__Task prompt__.
Every entry must be given again exactly. Include no pictures.

__Dataset entries__.
-*-*-
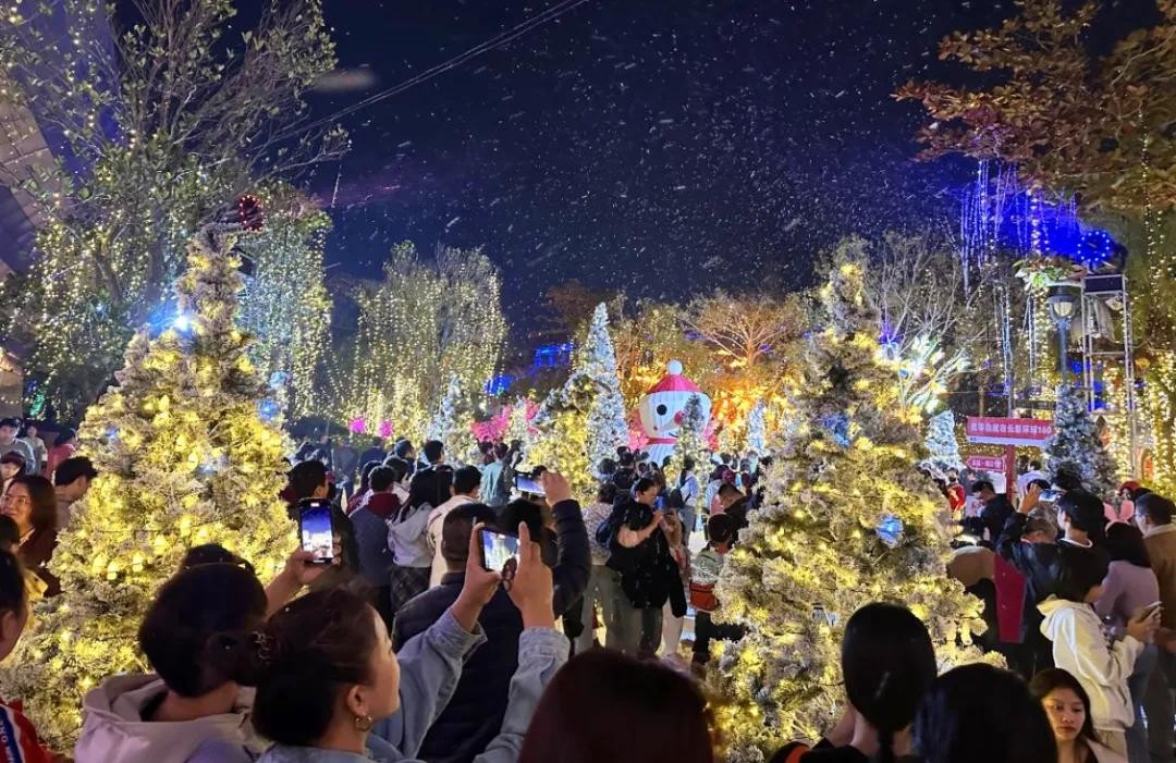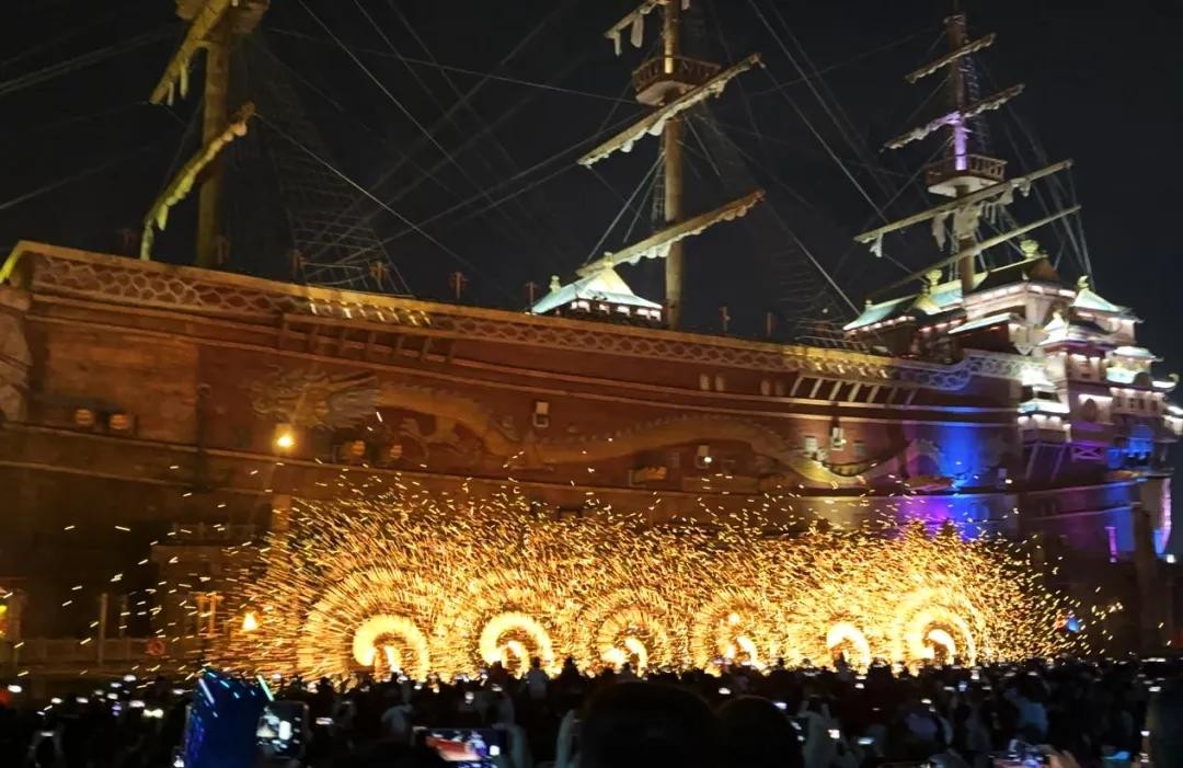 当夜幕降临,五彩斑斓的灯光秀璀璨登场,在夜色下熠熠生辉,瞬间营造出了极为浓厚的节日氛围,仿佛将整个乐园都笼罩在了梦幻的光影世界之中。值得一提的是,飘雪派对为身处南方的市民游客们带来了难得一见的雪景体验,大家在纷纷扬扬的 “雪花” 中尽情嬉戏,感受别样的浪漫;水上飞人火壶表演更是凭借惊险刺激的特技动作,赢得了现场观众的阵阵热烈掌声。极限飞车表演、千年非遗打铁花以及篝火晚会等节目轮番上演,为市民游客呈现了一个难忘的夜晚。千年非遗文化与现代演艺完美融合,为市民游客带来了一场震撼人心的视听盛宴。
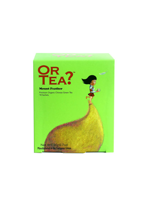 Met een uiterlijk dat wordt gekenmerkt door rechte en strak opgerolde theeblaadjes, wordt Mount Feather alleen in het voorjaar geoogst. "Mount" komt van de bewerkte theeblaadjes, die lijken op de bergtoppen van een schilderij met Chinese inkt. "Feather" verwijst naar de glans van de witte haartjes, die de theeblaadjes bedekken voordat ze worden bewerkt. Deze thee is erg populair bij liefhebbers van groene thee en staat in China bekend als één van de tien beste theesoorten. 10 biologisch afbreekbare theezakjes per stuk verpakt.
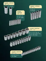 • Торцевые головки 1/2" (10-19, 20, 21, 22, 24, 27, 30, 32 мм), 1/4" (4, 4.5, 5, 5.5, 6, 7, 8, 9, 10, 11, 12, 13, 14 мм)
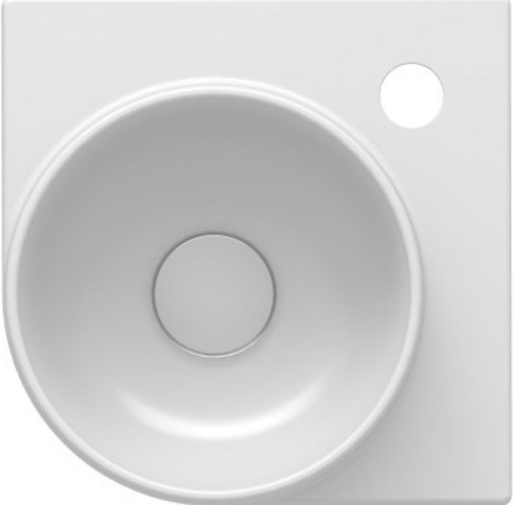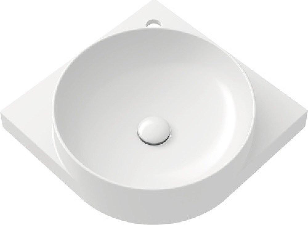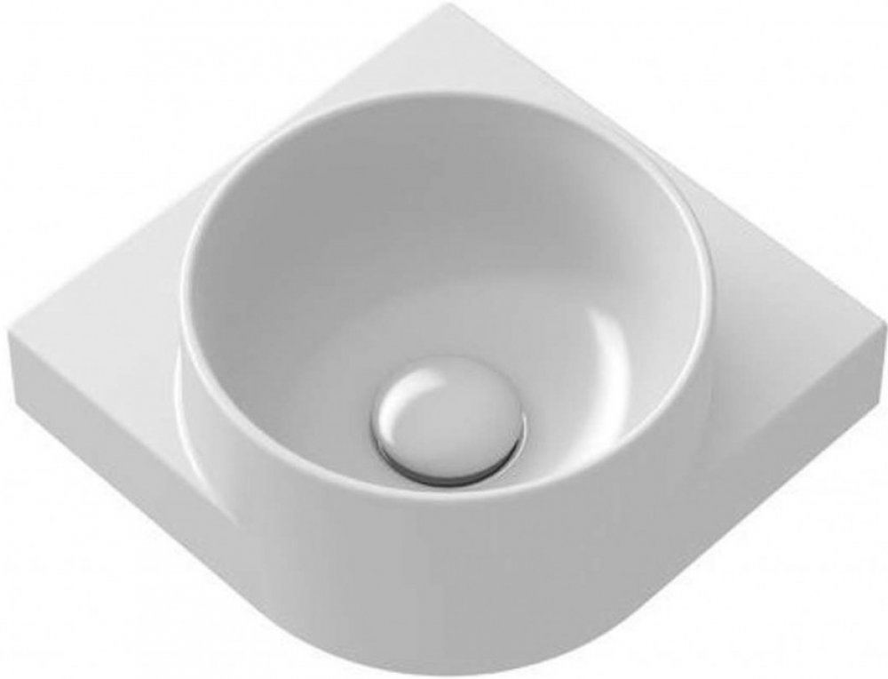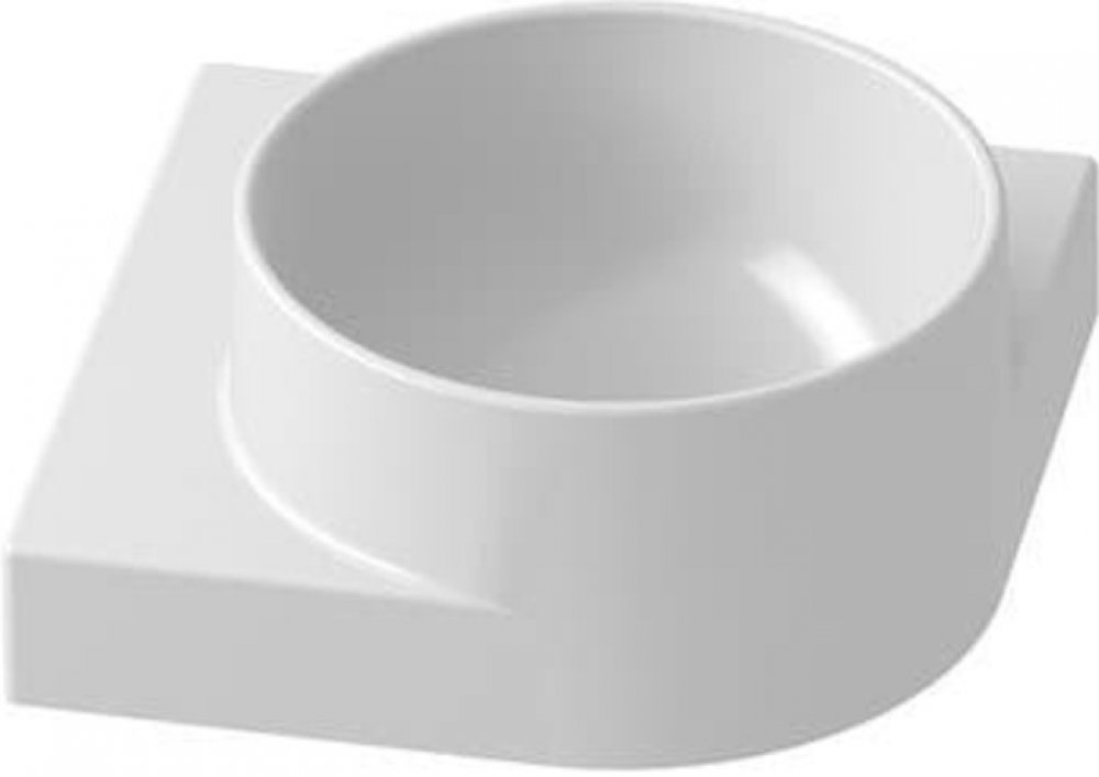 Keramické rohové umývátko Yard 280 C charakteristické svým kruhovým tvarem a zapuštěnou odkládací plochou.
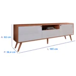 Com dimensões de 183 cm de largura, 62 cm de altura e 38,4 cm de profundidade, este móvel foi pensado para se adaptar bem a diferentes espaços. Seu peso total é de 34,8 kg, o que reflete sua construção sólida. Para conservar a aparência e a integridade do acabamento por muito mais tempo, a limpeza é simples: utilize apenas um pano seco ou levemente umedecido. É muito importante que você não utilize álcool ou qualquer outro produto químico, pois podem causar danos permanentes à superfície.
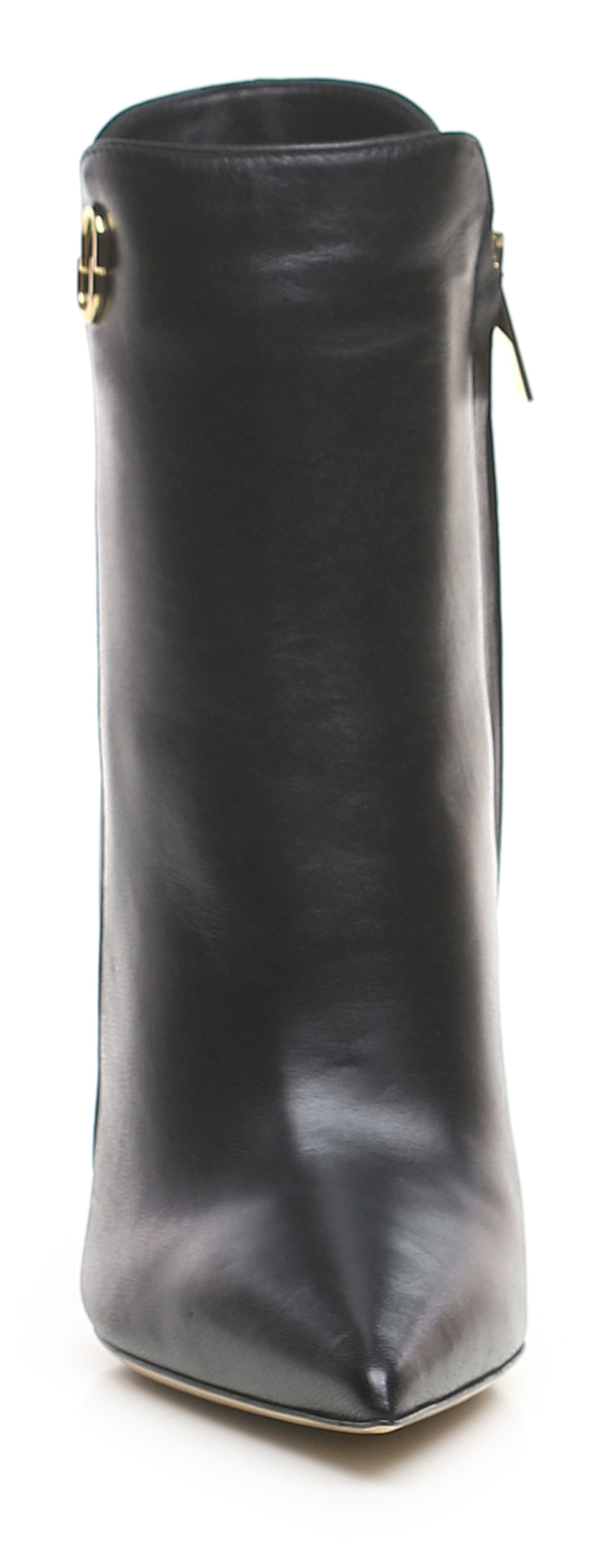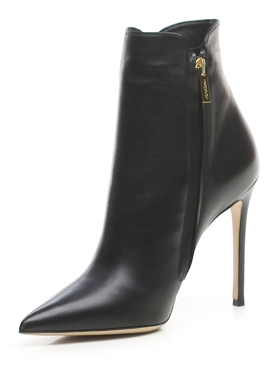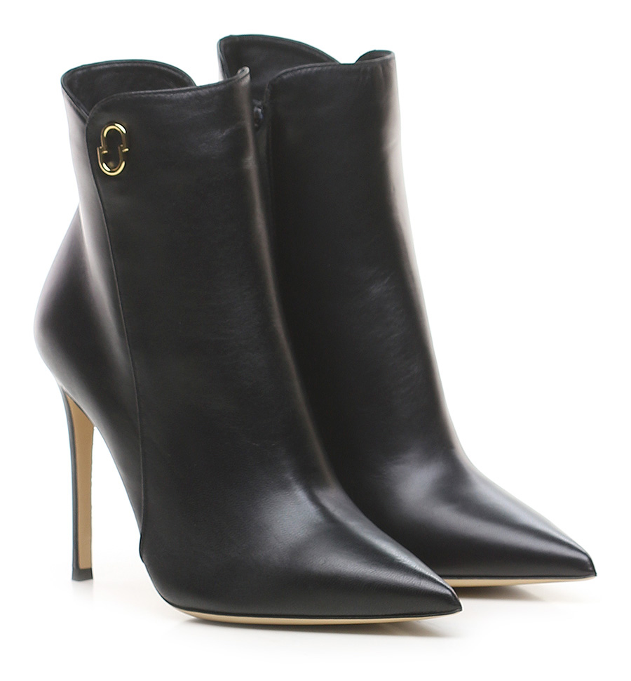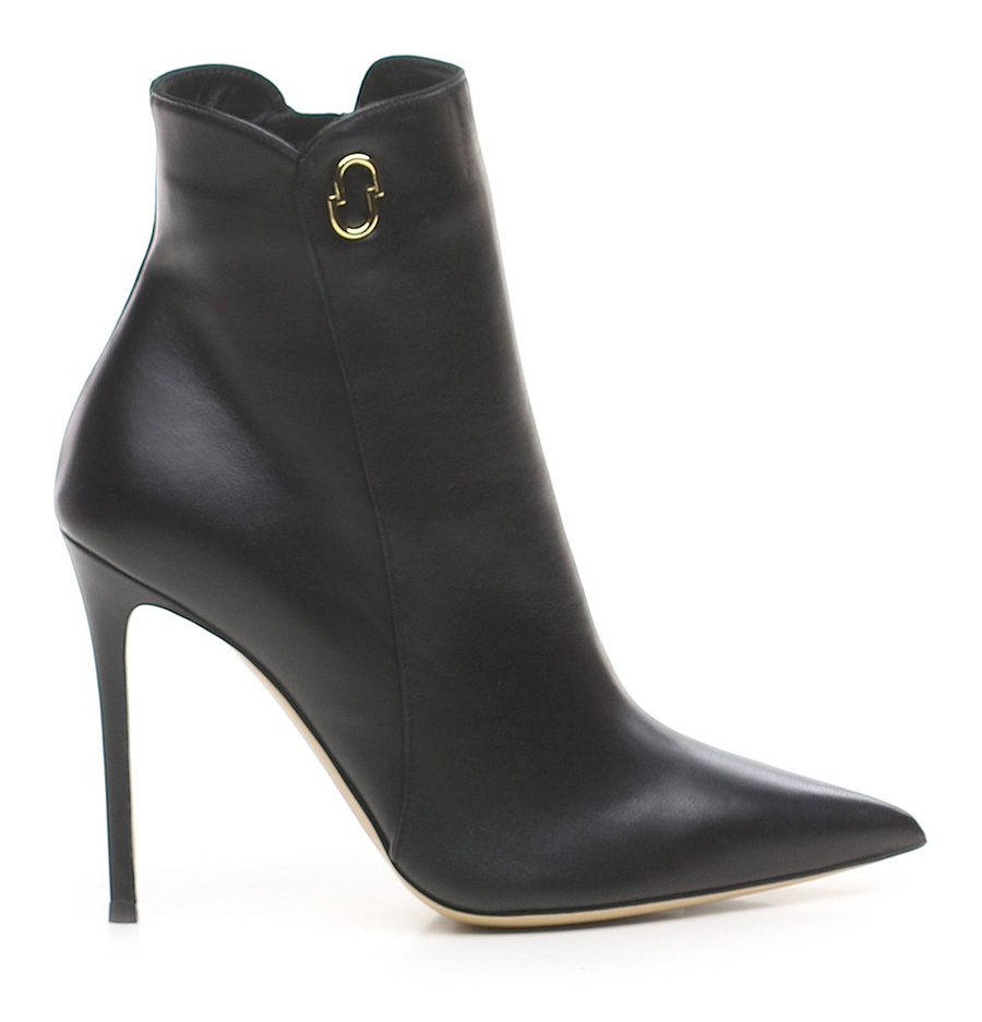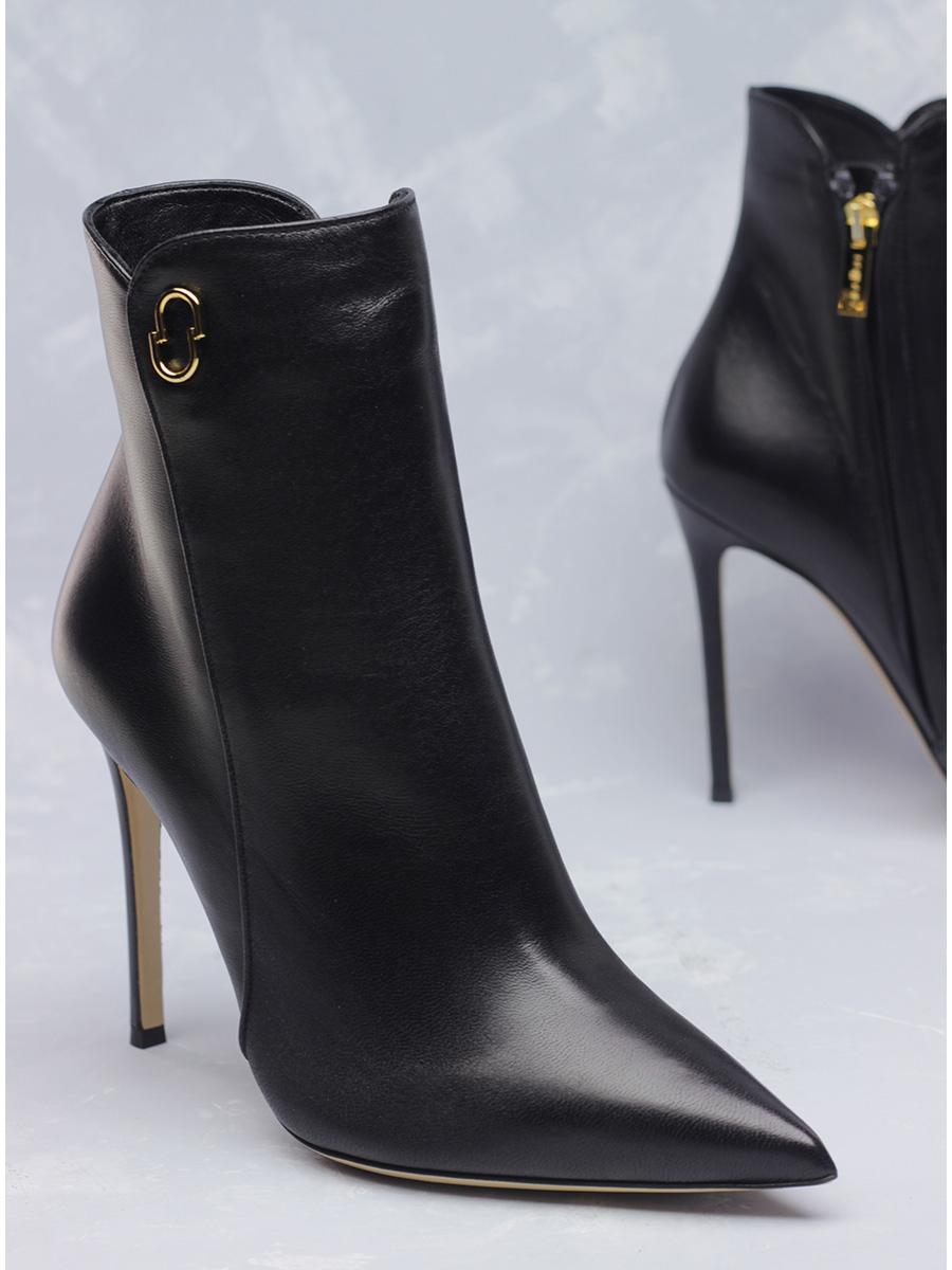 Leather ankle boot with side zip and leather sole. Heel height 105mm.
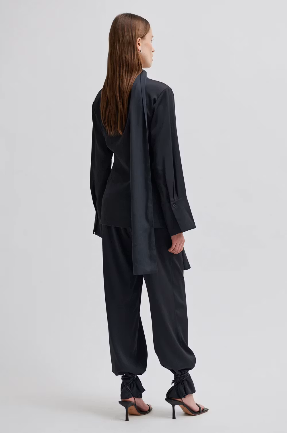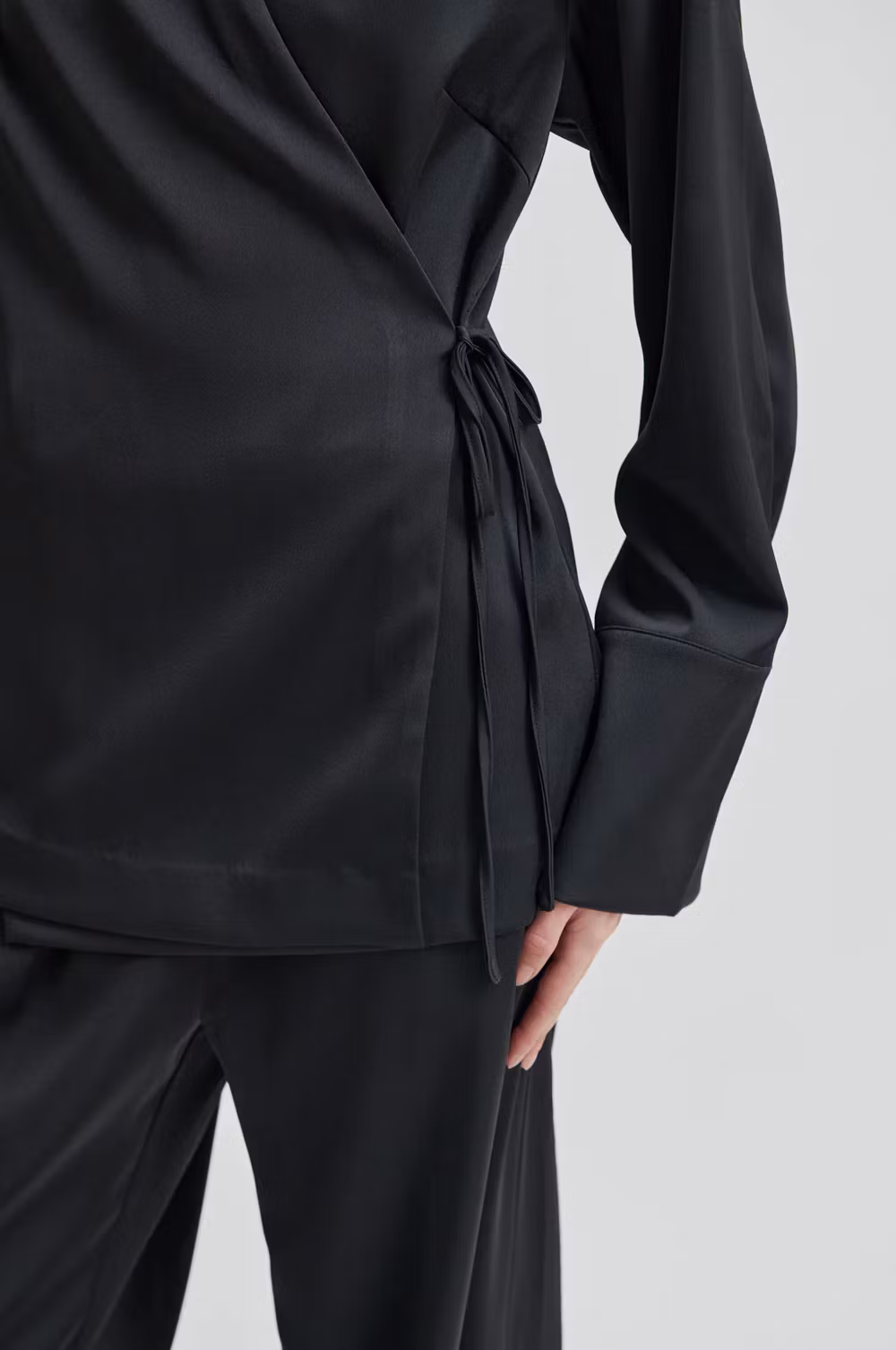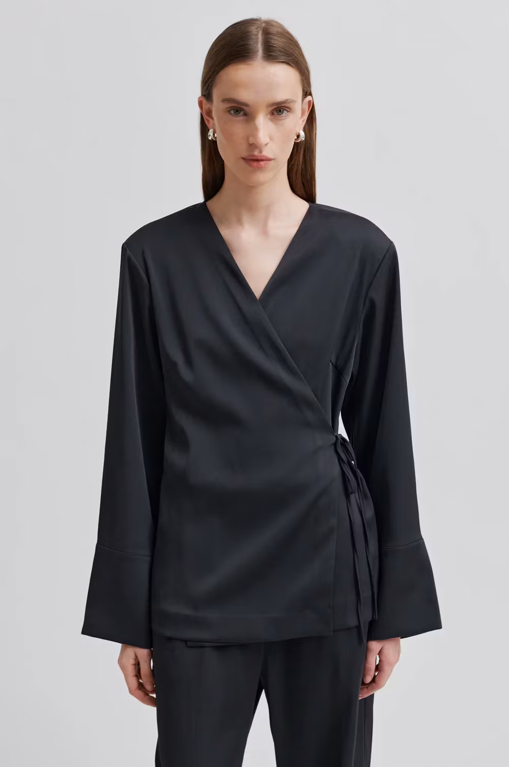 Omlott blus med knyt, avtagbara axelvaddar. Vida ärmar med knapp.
-*-*-
__Written answer__.
 当夜幕降临,五彩斑斓的灯光秀璀璨登场,在夜色下熠熠生辉,瞬间营造出了极为浓厚的节日氛围,仿佛将整个乐园都笼罩在了梦幻的光影世界之中。值得一提的是,飘雪派对为身处南方的市民游客们带来了难得一见的雪景体验,大家在纷纷扬扬的 “雪花” 中尽情嬉戏,感受别样的浪漫;水上飞人火壶表演更是凭借惊险刺激的特技动作,赢得了现场观众的阵阵热烈掌声。极限飞车表演、千年非遗打铁花以及篝火晚会等节目轮番上演,为市民游客呈现了一个难忘的夜晚。千年非遗文化与现代演艺完美融合,为市民游客带来了一场震撼人心的视听盛宴。
 Met een uiterlijk dat wordt gekenmerkt door rechte en strak opgerolde theeblaadjes, wordt Mount Feather alleen in het voorjaar geoogst. "Mount" komt van de bewerkte theeblaadjes, die lijken op de bergtoppen van een schilderij met Chinese inkt. "Feather" verwijst naar de glans van de witte haartjes, die de theeblaadjes bedekken voordat ze worden bewerkt. Deze thee is erg populair bij liefhebbers van groene thee en staat in China bekend als één van de tien beste theesoorten. 10 biologisch afbreekbare theezakjes per stuk verpakt.
 • Торцевые головки 1/2" (10-19, 20, 21, 22, 24, 27, 30, 32 мм), 1/4" (4, 4.5, 5, 5.5, 6, 7, 8, 9, 10, 11, 12, 13, 14 мм)
 Keramické rohové umývátko Yard 280 C charakteristické svým kruhovým tvarem a zapuštěnou odkládací plochou.
 Com dimensões de 183 cm de largura, 62 cm de altura e 38,4 cm de profundidade, este móvel foi pensado para se adaptar bem a diferentes espaços. Seu peso total é de 34,8 kg, o que reflete sua construção sólida. Para conservar a aparência e a integridade do acabamento por muito mais tempo, a limpeza é simples: utilize apenas um pano seco ou levemente umedecido. É muito importante que você não utilize álcool ou qualquer outro produto químico, pois podem causar danos permanentes à superfície.
 Leather ankle boot with side zip and leather sole. Heel height 105mm.
 Omlott blus med knyt, avtagbara axelvaddar. Vida ärmar med knapp.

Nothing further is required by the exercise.